Cars went up and down the road, everyone on their way to somewhere else. I had hours until the next bus back. No studying here. Such a waste of precious time. I suddenly felt like an alien – what was I doing here? And I felt like crying, too: crying for my sick Opa, crying for not being there with him, crying for Nassim, crying for being pregnant and for my wasted day.
No. A minor setback, that’s all this was. A minor setback.
A sandwich board was propped on the pavement ahead. A two-dollar shop. I would use some time getting supplies. Inside, I immediately found a power board and an extension lead, a packet of six mouse traps, and also an electric kettle and a little aluminium teapot. And then I picked up a cool-bag and freezer block so I could keep milk over at Bromley. I shouldn’t have been spending my money like that, but the thought that I could study with beverages actually cheered me a little. From the next aisle I could hear a woman’s voice in discussion with a young man.

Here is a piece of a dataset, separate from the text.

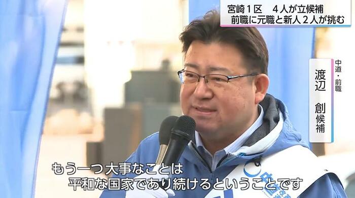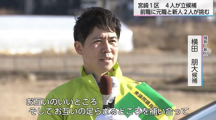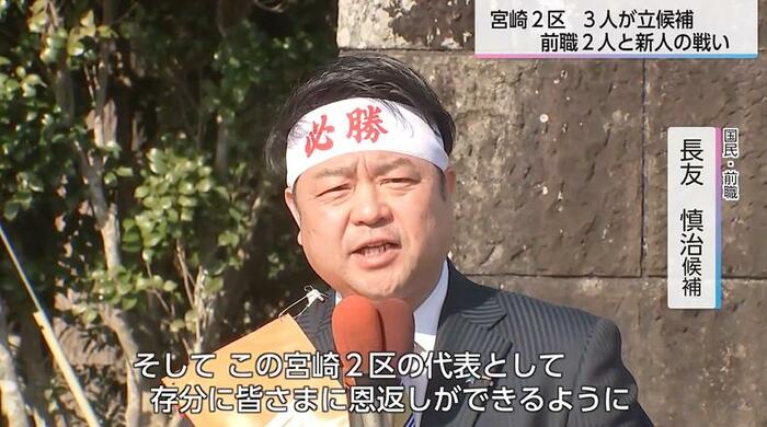 宮崎1区には、4人が立候補した。中道の前職に自民の元職と維新、参政の新人が挑む。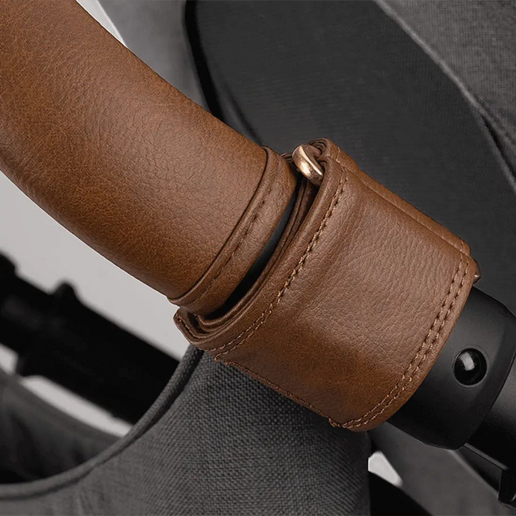 • Leatherette straps securely attach to stroller pushbar keeping it in reach

‘Well, is there even any point getting these now?’
‘Yeah. Totally. I so reckon he’ll just turn up, Ma.’
‘If there’s something you’re not telling me, if you know anything, anything at all . . .’
‘I’ve told you, I don’t. He must have really wanted to though, hey.’
‘It’s not that simple, Basil. For him as much as anybody.’
‘Yeah, well, maybe it’s better – you don’t know.’
‘Basil . . .’
Leonie and Basil were standing in front of a quite decent art-supplies section.
‘Anna!’ said Leonie. And Basil turned around and beamed at me.
‘Just the person,’ he said. ‘Just in the nick of time.’
Basil seemed happy to see me and I was surprised at how happy I was to see the both of them. People I knew. Family friends. ‘For what?’ I asked.
‘To save me from my mother’s fifth degree.’
‘Third degree, you little twerp,’ said Leonie. ‘Hey honey, you alright? You look sad, or sick, or sad and sick.’